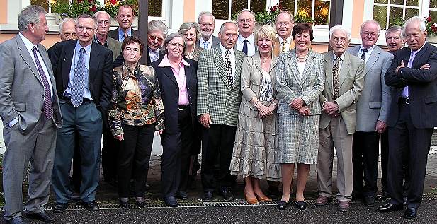 Unser Bild zeigt v.l.: Dr. Harro Träubel, Hans Hutfleß, Dr. Horst Stumpf, Wilfried Wieder, Bruno Schmitt, Ruth Trauth (geb. Keil), Maria Eder, Brigitte Träubel (geb. Ischar), Erika Ellis (geb. Fischer), Dr. Reimar Frisch, Dr. Arnd Westernacher, Peter Mayer, Evi Bürgel (geb. Hiersemann), Dr. Heinz Friedrich, Elisabeth Hahn (geb. Gaedeke), Ortwin Pscheidt, Robert Moray, Dr. Hans-Ulrich Drüner, Dr. Hermann Krug. Nicht auf dem Bild, weil erst am Sonntag dazu gestoßen, ist Dr. Werner Thomas.
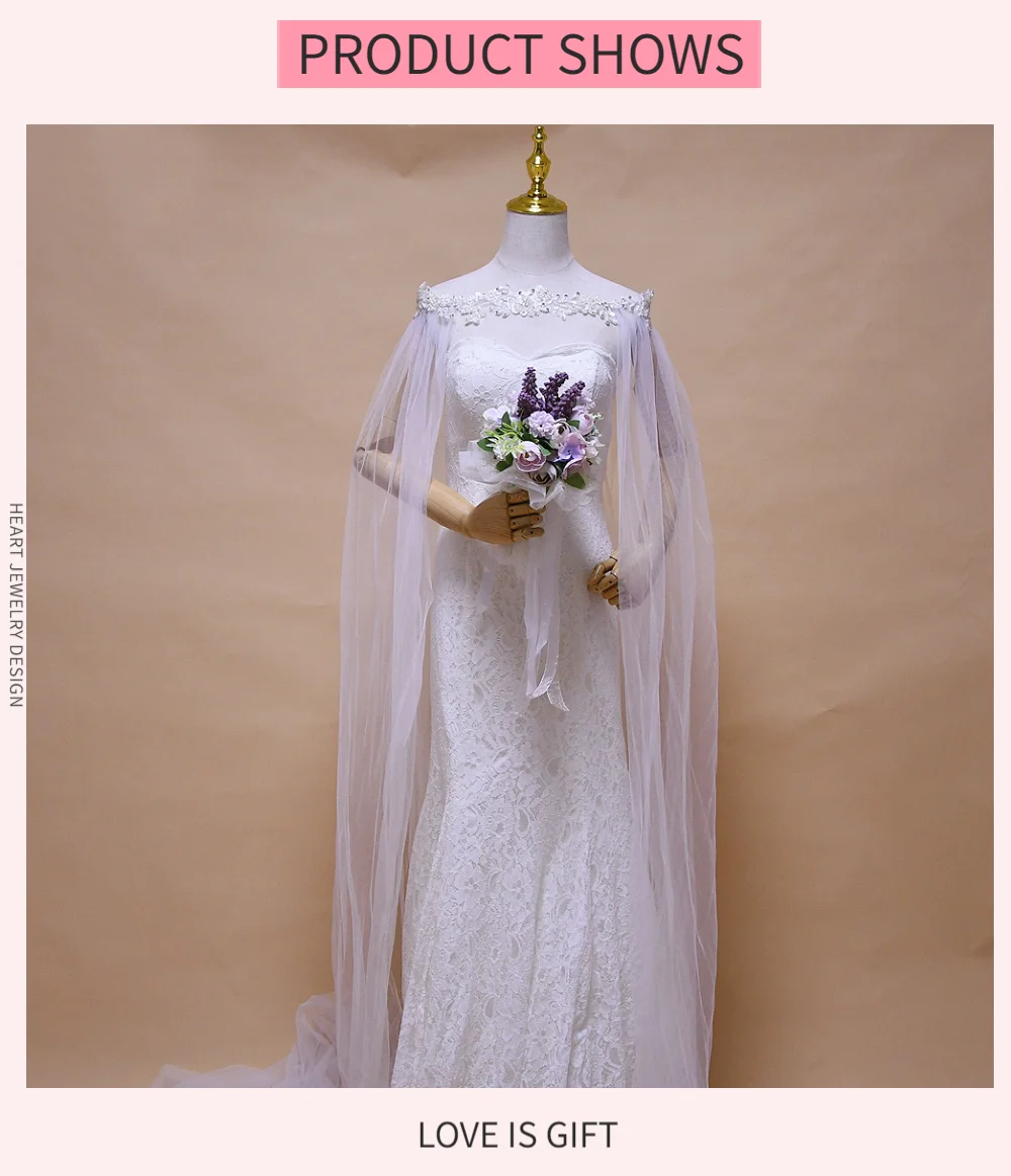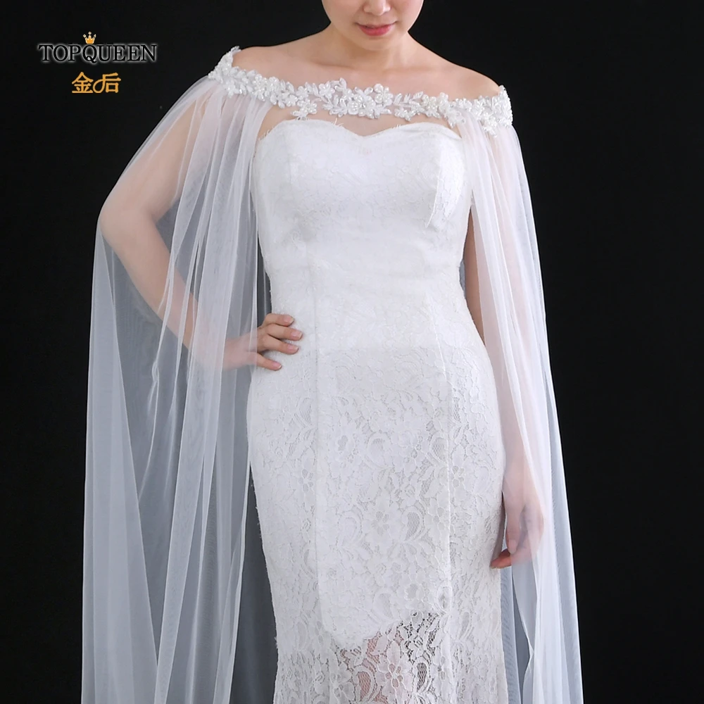 TOPQUEEN женские длинные накидки для свадьбы, украшенные жемчугом, шифон 300 см, белый цвет слоновой кости, Свадебные Шали, обертывания для торжественной вечеринки G26
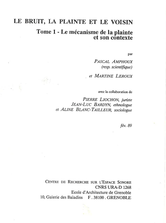 Le bruit , la plainte et le voisin, tome 1: le mécanisme de la plainte et son contexte
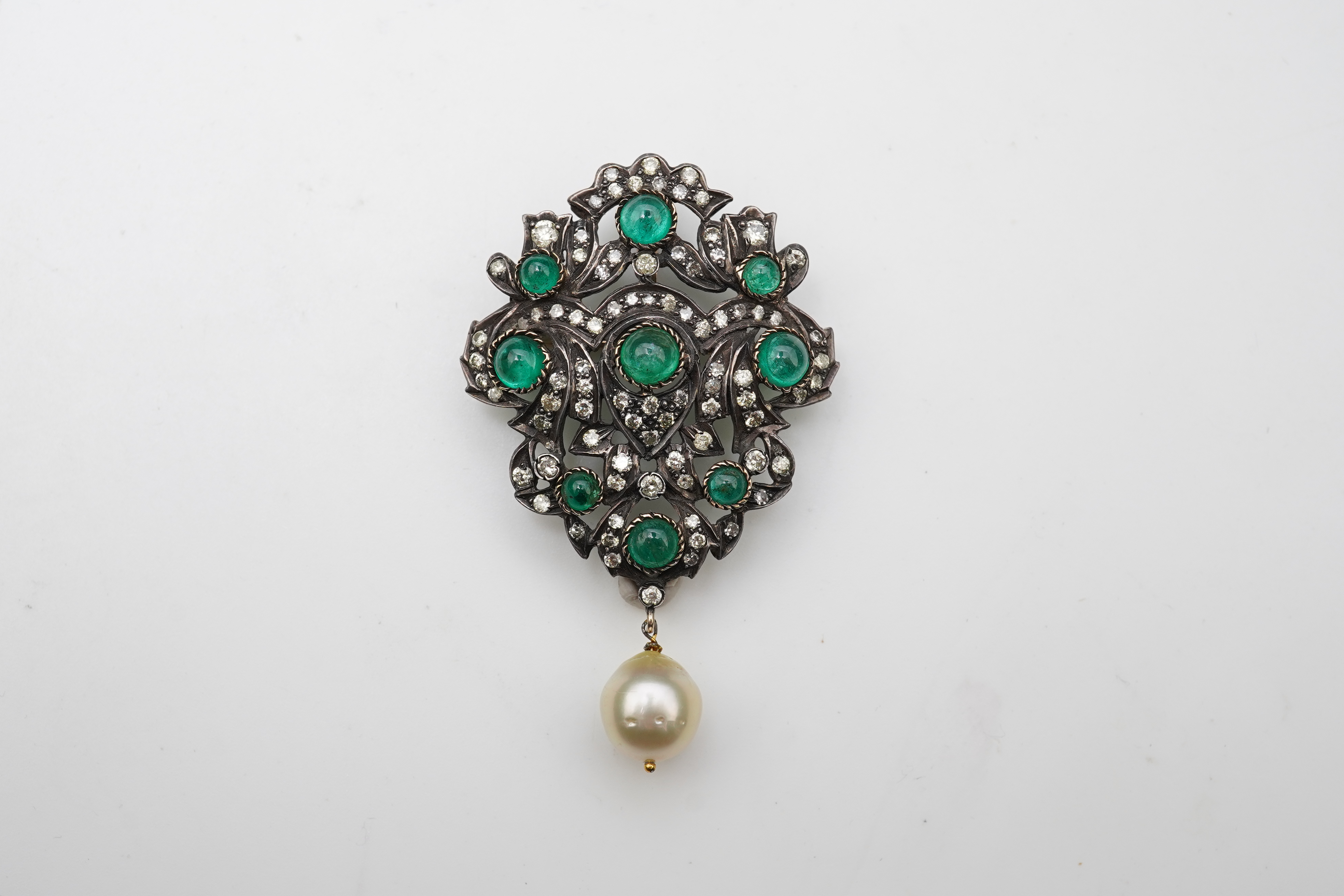 An emerald, cultured pearl and diamond pendant/brooch, designed as a panel of foliate scrollwork, set with cabochon emeralds and brilliant-cut diamonds, suspending a cultured pearl drop, mounted in silver, length 5.1cm

********************

* **Work instructions**
The copy must reproduce the listing above verbatim and contain no pictures.

* **Reply**
 Unser Bild zeigt v.l.: Dr. Harro Träubel, Hans Hutfleß, Dr. Horst Stumpf, Wilfried Wieder, Bruno Schmitt, Ruth Trauth (geb. Keil), Maria Eder, Brigitte Träubel (geb. Ischar), Erika Ellis (geb. Fischer), Dr. Reimar Frisch, Dr. Arnd Westernacher, Peter Mayer, Evi Bürgel (geb. Hiersemann), Dr. Heinz Friedrich, Elisabeth Hahn (geb. Gaedeke), Ortwin Pscheidt, Robert Moray, Dr. Hans-Ulrich Drüner, Dr. Hermann Krug. Nicht auf dem Bild, weil erst am Sonntag dazu gestoßen, ist Dr. Werner Thomas.
 TOPQUEEN женские длинные накидки для свадьбы, украшенные жемчугом, шифон 300 см, белый цвет слоновой кости, Свадебные Шали, обертывания для торжественной вечеринки G26
 Le bruit , la plainte et le voisin, tome 1: le mécanisme de la plainte et son contexte
 An emerald, cultured pearl and diamond pendant/brooch, designed as a panel of foliate scrollwork, set with cabochon emeralds and brilliant-cut diamonds, suspending a cultured pearl drop, mounted in silver, length 5.1cm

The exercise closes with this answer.